Um ataque cibernético importante não seria uma surpresa. Sim, seria o culminar de uma luta invisível que dura uma década.
Batalhas
Em 2010, o Irã foi obrigado a desacelerar seu programa de desenvolvimento nuclear após máquinas de enriquecimento de urânio pararem de funcionar. O motivo foi um vírus que invadiu o sistema da usina (a partir de um pen drive, presume-se). Embora nenhum dos governos tenha se declarado autor da investida, o entendimento comum é que ela tenha partido dos EUA e de Israel.
O ataque, hoje conhecido como Stuxnet (em referência ao nome do vírus) contribuiu para arrefecer os planos nucleares do Irã, pouco antes do acordo assinado pelo país em 2015 para diminuir a atividade na área. Além disso, criou terreno para o Irã fortalecer esforços na cibernética. “Ele ainda não está no ranking de maior poderes cibernéticos, mas está à frente da maioria das nações em estratégia e organização para uma guerra cibernética”, resume o Centro de Estudos Estratégicos e Internacionais (Csis), dos EUA.

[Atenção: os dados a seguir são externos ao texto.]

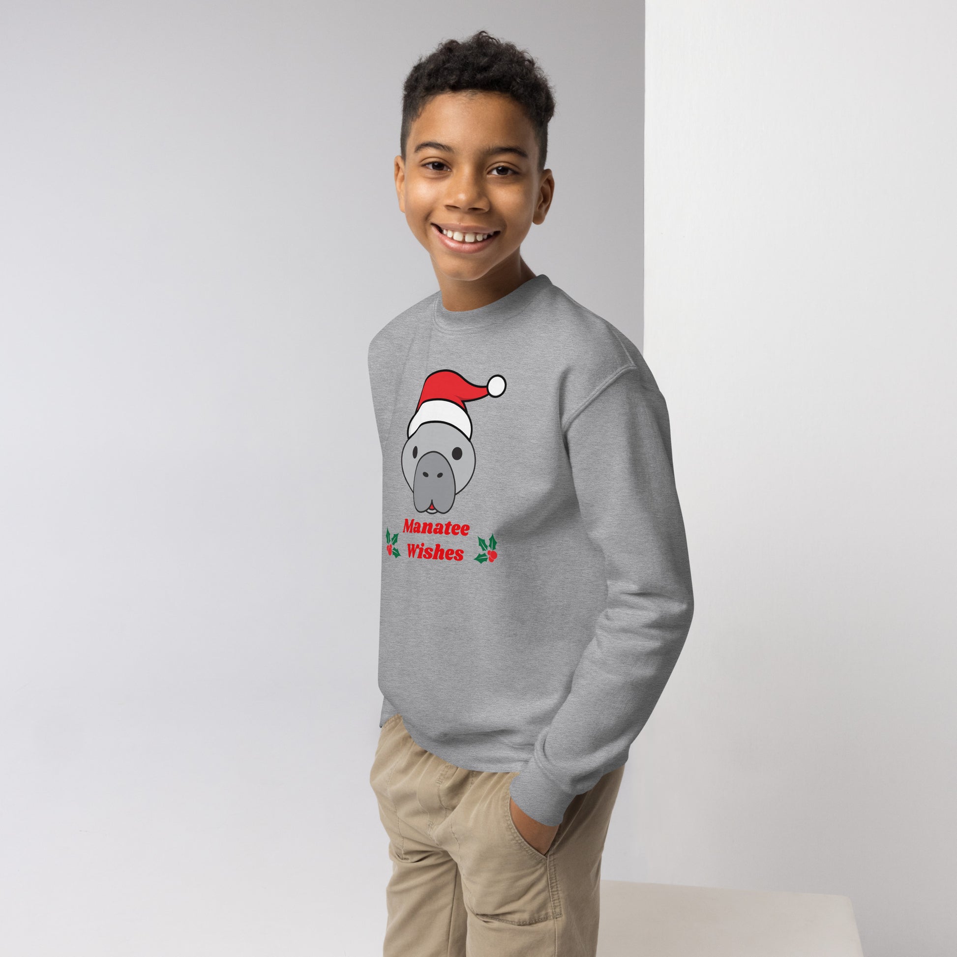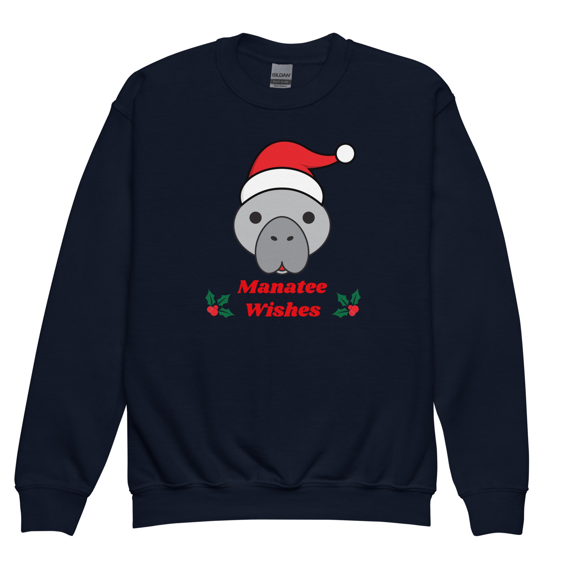 Manatee Holiday Wishes Christmas Kids Graphic Crewneck Sweatshirt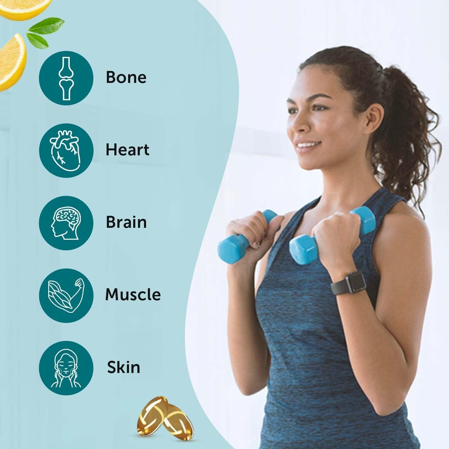 Green Velly Indian Neuherbs Mini Deep Sea Fish Oil gives extra care of 100% RDA of Vitamin D3 which helps boost calcium absorption in the body & provide extra benefits to bones. Omega 3 fish oil helps reduce inflammation, assisting bones with strength & offers a better flexibility & mobility to joints.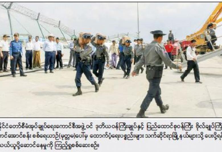 ထို့နောက် စစ်တွေမြို့ဆိပ်ကမ်းသို့ ရောက်ရှိနေသည့် စစ်ရေယာဉ်(မုတ္တမ) ပေါ်မှထောက်ပံ့ရေးပစ္စည်းများအားသက်ဆိုင်ရာမြို့နယ်များသို့ပေးပို့ရန် သယ်ယူပို့ဆောင်နေမှုကို ကြည့်ရှုစစ်ဆေးကာ ပစ္စည်သယ်ချမှုပိုမိုမြန်ဆန်ရေး လိုအပ်သောအင်အား ထပ်မံဖြည့်တင်းဆောင်ရွက်ရန် စီစဉ်မှာကြားခဲ့သည်။

Ataques pontuais entre os dois países não pararam desde então – entre 2011 e 2013, por exemplo, hackers supostamente ligados ao governo iraniano atacaram instituições financeiras e o sistema hídrico próximo a Nova York, causando prejuízos milionários. Em junho de 2019, o ataque partiu dos EUA, desta vez contra sistemas bélicos do Irã. “Os alvos principais (de futuras ofensivas do Irã) são os que atingem infraestrutura crítica, como água, energia, petróleo e saúde”, pontua Thiago Bordini, diretor de inteligência cibernética e pesquisa do Grupo New Space.
Já Wagner Meira, professor de ciências da computação, da Universidade Federal de Minas Gerais (UFMG), acha improvável que esses sistemas importantes, consolidados antes da internet, sejam duramente atingidos. Mas lembra: “Falamos de ataques já ocorridos, mas o próximo não é igual ao que já aconteceu. Como se antecipar ao que está por vir?”.
“Lobos Solitários”
Para o historiador Andrew Traumann, especialista em Oriente Médio, atentados de “lobos solitários” são improváveis. Ações do tipo, como as dos homens-bomba, costumam estar relacionadas a grupos sunitas, tal qual a Al-Qaeda, diferentemente dos xiitas do Irã: “No começo dos anos 2000, na época da Guerra ao Terror, a estratégia desses grupos era atacar aliados dos EUA, como a Espanha, que havia enviado tropas para o Iraque e viveu atentados no metrô”.
Nesse cenário, ele acredita que o Brasil não precisa temer ataques do tipo e nem cibernéticos, pois o apoio a Trump é apenas no discurso. “Somos periféricos. Não vejo o Brasil como alvo apenas por declarações diplomáticas. Outra coisa seria se houvesse guerra e ele enviasse tropas”.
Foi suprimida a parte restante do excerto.